Task brief: Once you find the line below that has "Modern and romantic, this", output it and every line after it exactly, stopping after the line that has "Rosa Preservada XL", with no pictures.

═══ Supplied information ═══

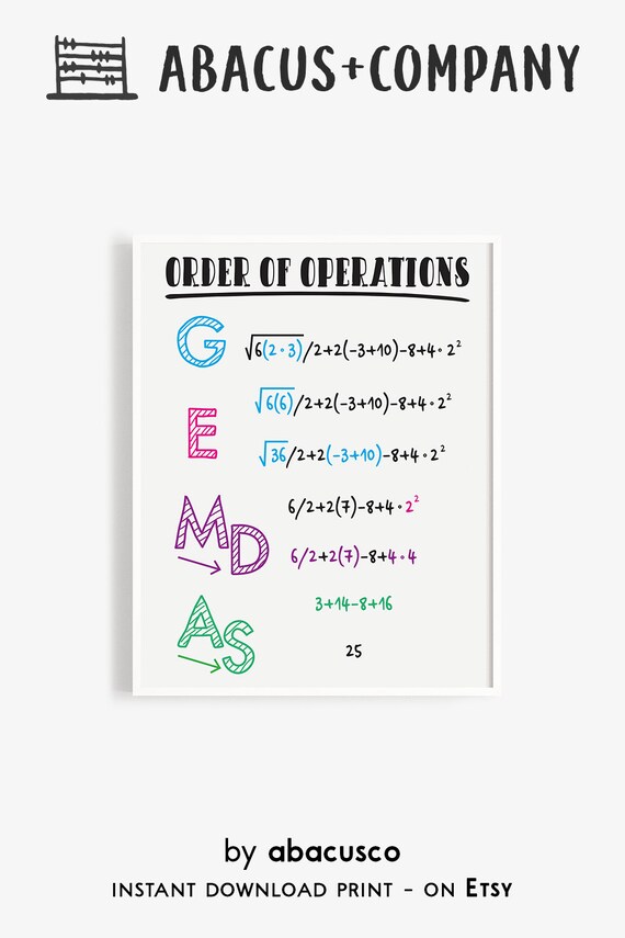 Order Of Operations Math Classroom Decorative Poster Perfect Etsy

═══
═══ Supplied information ═══

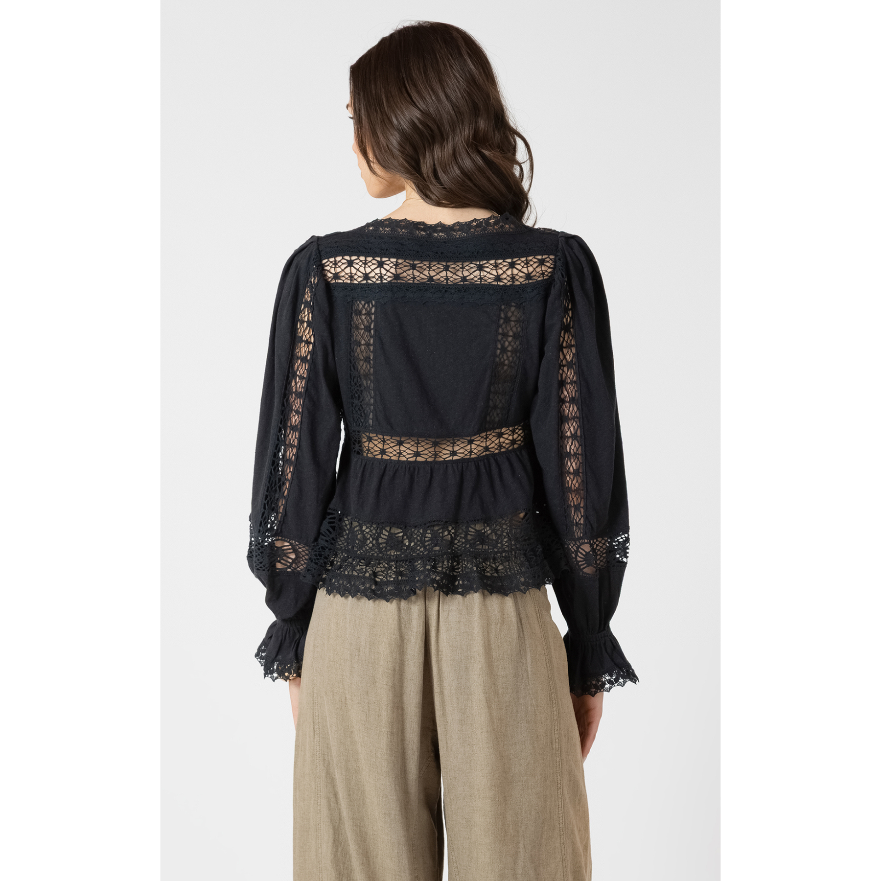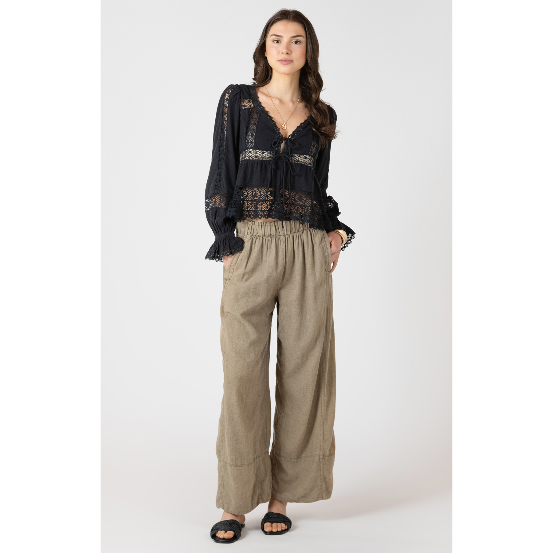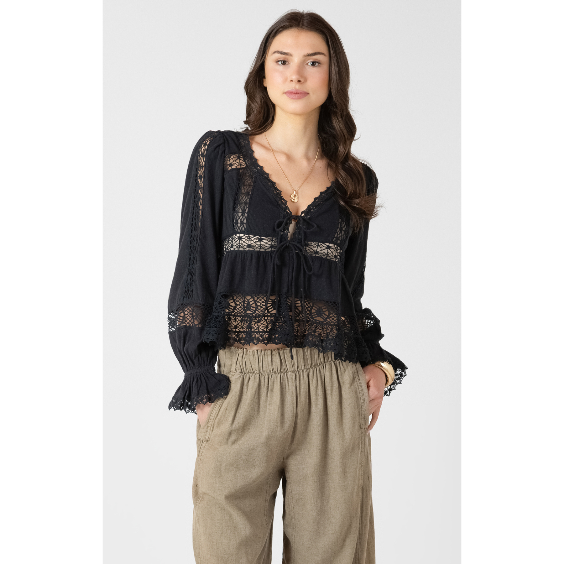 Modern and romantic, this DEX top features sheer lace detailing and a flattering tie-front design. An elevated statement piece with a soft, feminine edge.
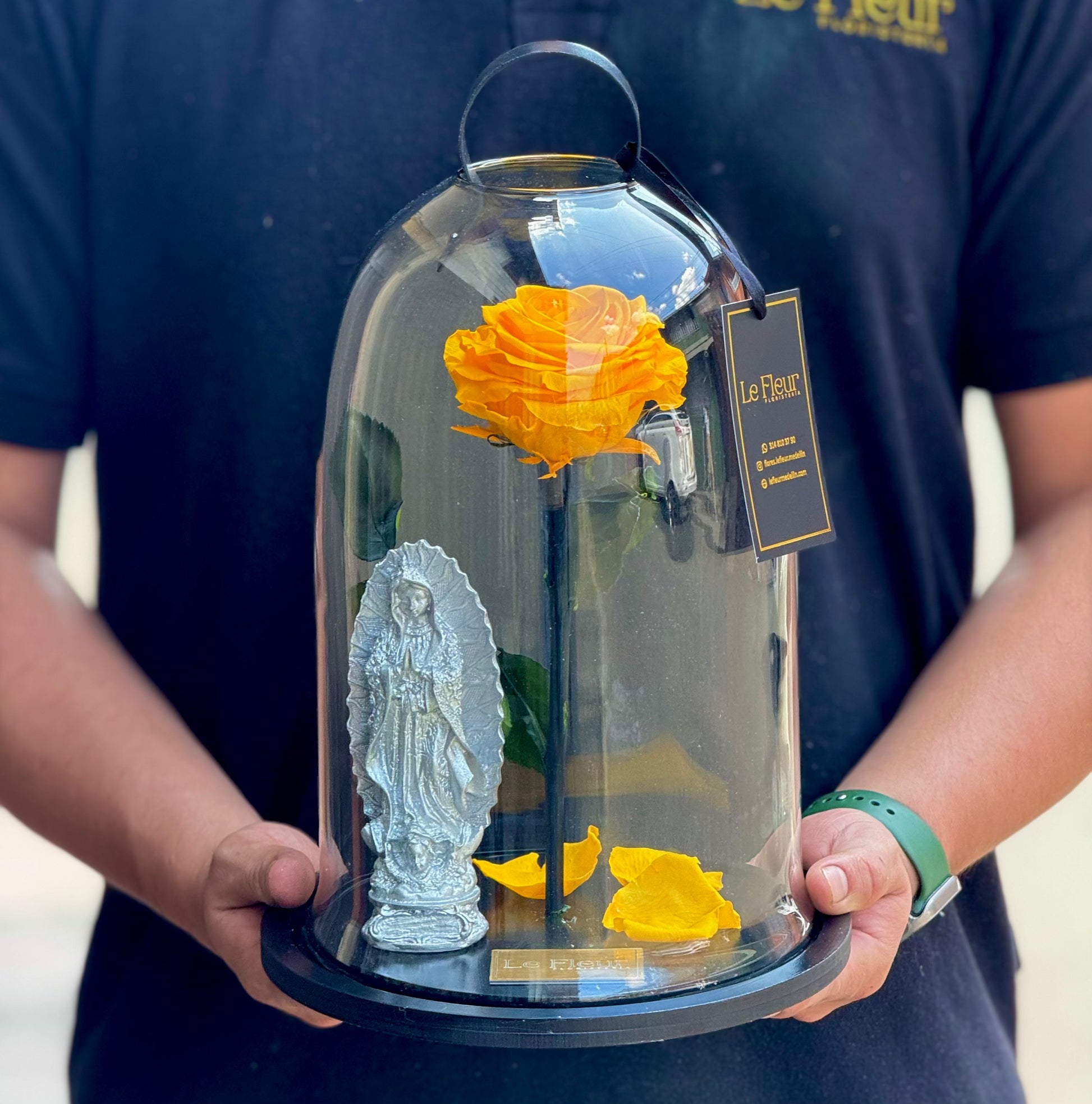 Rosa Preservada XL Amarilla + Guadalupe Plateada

═══
═══ Supplied information ═══

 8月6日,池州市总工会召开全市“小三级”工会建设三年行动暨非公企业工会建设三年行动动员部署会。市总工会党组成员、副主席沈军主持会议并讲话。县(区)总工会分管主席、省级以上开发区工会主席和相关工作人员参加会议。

═══

Answer to the exercise:
 Modern and romantic, this DEX top features sheer lace detailing and a flattering tie-front design. An elevated statement piece with a soft, feminine edge.
 Rosa Preservada XL Amarilla + Guadalupe Plateada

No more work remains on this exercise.